Conclusion The concept of Fatmax might be useful with regard to weight loss programs. The concept is however based on assumptions of physiology. I could not find any randomized controlled trials that investigated the validity of Fatmax for weight loss in comparison to another exercise regime. Therefore, it is not sure if optimal fat oxidation results in significantly greater weight loss compared to other fat burning strategies. I would therefore recommend to primarily stick to the key concept in weight loss, which is a negative energy balance. If you are able to implement Fatmax in your weight loss schedule, you might give it a try.

In short, Fatmax can be implemented in your training by:

1. Finding your Wmax with a cycling test.

2. Exercise at 40% of Wmax if you want to minimize muscle loss during a cut.

3. Exercise at 55% of Wmax if you want to maximize fat loss during a cut.

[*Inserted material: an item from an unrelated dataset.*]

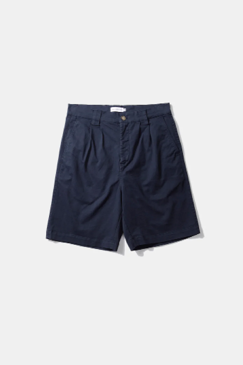 Short style chino navy 100 % coton, avec ses plis classiques pour une touche raffinée. Idéal pour les journées chaudes, il offre une coupe confortable et une option élégante et respirante pour l’été.
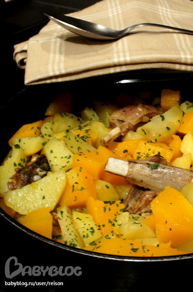 Рагу из бараньих ребрышек с картофелем и тыквой

4. Look at your total exercise energy expenditure. A lower %Wmax also means that the exercise duration should be longer in order to burn the same amount of calories.

References [1] Jeukendrup, A., & Gleeson, M. (2010). Sport nutrition: an introduction to energy production and performance (No. Ed. 2). Human Kinetics. [2] van Loon, L. J., Greenhaff, P. L., Constantin‐Teodosiu, D., Saris, W. H., & Wagenmakers, A. J. (2001). The effects of increasing exercise intensity on muscle fuel utilisation in humans. The Journal of physiology, 536(1), 295-304. [3] Ghanbari-Niaki, A., & Zare-Kookandeh, N. (2016). Maximal Lipid Oxidation (Fatmax) in Physical Exercise and Training: A review and Update. Annals of Applied Sport Science, 4(3), 0-0. [4] Kuipers, H., Verstappen, F. T. J., Keizer, H. A., Geurten, P., & Van Kranenburg, G. (1985). Variability of aerobic performance in the laboratory and its physiologic correlates. International journal of sports medicine, 6(04), 197-201.